» YOUR TASK
May I please have every record restated word for word, with the images left out?

» Stored items from a collection
= Beginning of Section =

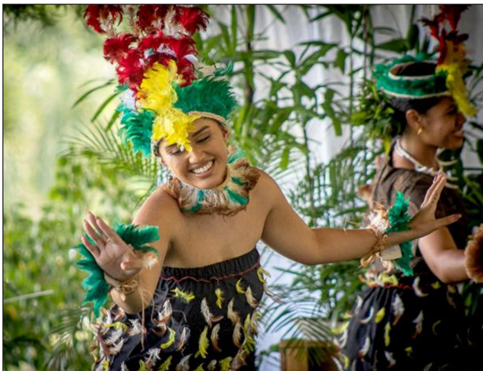
MOEMOANA: The very first siva Samoa I learnt was when I was five years old and is about the Manumea bird, Samoa's national bird the rare tooth billed pigeon which is sadly on the brink of extinction.

For more information, please contact the Senior Executive Services Division of our Office on telephone 22123 or email ses@psc.gov.ws
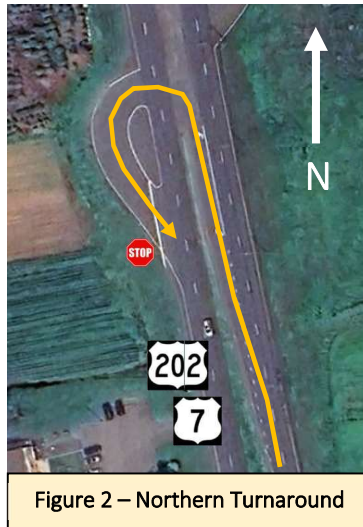
Figure 2 – Northern Turnaround

Automatic traffic recorder (ATR) data was collected on US Route 9W near the turnaround locations from Friday, September 6, 2025 through Thursday, September 18, 2025. The data indicates that on a typical weekday, US Route 9W currently serves approximately 6,280 vehicles per day (vpd) in the northbound direction and 6,245 vpd in the southbound direction. By comparison, US Route 9W serves approximately 5,400 vpd in the northbound direction and 5,370 vpd in the southbound direction on Saturday. In addition, an 85 th percentile speed of 65-mph was recorded in the northbound direction while an 85 th percentile speed of 62-mph was recorded in the southbound direction. Available gap data was also observed in both directions near the turnarounds. The raw traffic data is included under Attachment B.
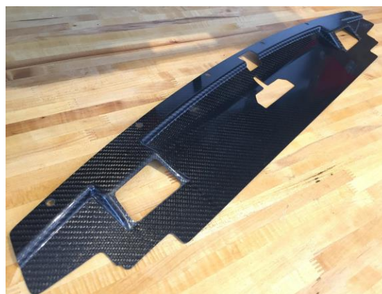
DSEVP-CP-002 "Ram Air" Closeout Panel

The closeout panel is constructed of hand laid carbon fiber which is cured in an autoclave. The panels are 100% USA made by motorsport professionals.
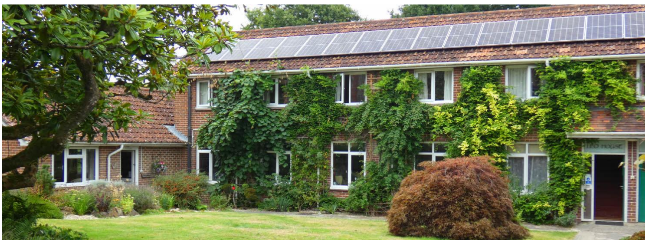
Solar panels on Leo Guest House roof at Hilfield
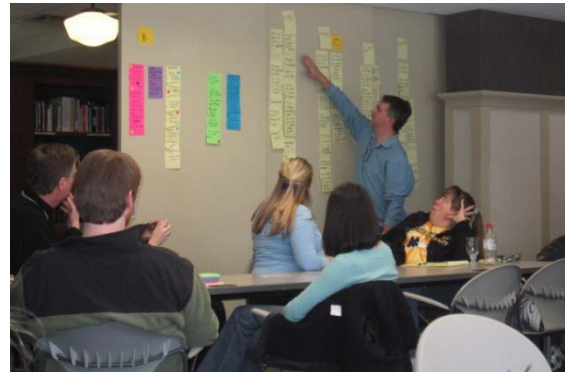
Figure 6 . A parish team organizes improvement ideas to determine which have the greatest impact while not overtaxing the community's ability to put them into practice.

Identify areas of disagreement. Some may find the parish to be strong in a particular practice or behavior. Others may see it differently. Discuss these differences. Try to find the root causes of different views about an item. These discussions will likely reveal a clearer understanding of how people view the parish.

= End of Section =

» WRITTEN RESPONSE
MOEMOANA: The very first siva Samoa I learnt was when I was five years old and is about the Manumea bird, Samoa's national bird the rare tooth billed pigeon which is sadly on the brink of extinction.

For more information, please contact the Senior Executive Services Division of our Office on telephone 22123 or email ses@psc.gov.ws
Figure 2 – Northern Turnaround

Automatic traffic recorder (ATR) data was collected on US Route 9W near the turnaround locations from Friday, September 6, 2025 through Thursday, September 18, 2025. The data indicates that on a typical weekday, US Route 9W currently serves approximately 6,280 vehicles per day (vpd) in the northbound direction and 6,245 vpd in the southbound direction. By comparison, US Route 9W serves approximately 5,400 vpd in the northbound direction and 5,370 vpd in the southbound direction on Saturday. In addition, an 85 th percentile speed of 65-mph was recorded in the northbound direction while an 85 th percentile speed of 62-mph was recorded in the southbound direction. Available gap data was also observed in both directions near the turnarounds. The raw traffic data is included under Attachment B.
DSEVP-CP-002 "Ram Air" Closeout Panel

The closeout panel is constructed of hand laid carbon fiber which is cured in an autoclave. The panels are 100% USA made by motorsport professionals.
Solar panels on Leo Guest House roof at Hilfield
Figure 6 . A parish team organizes improvement ideas to determine which have the greatest impact while not overtaxing the community's ability to put them into practice.

Identify areas of disagreement. Some may find the parish to be strong in a particular practice or behavior. Others may see it differently. Discuss these differences. Try to find the root causes of different views about an item. These discussions will likely reveal a clearer understanding of how people view the parish.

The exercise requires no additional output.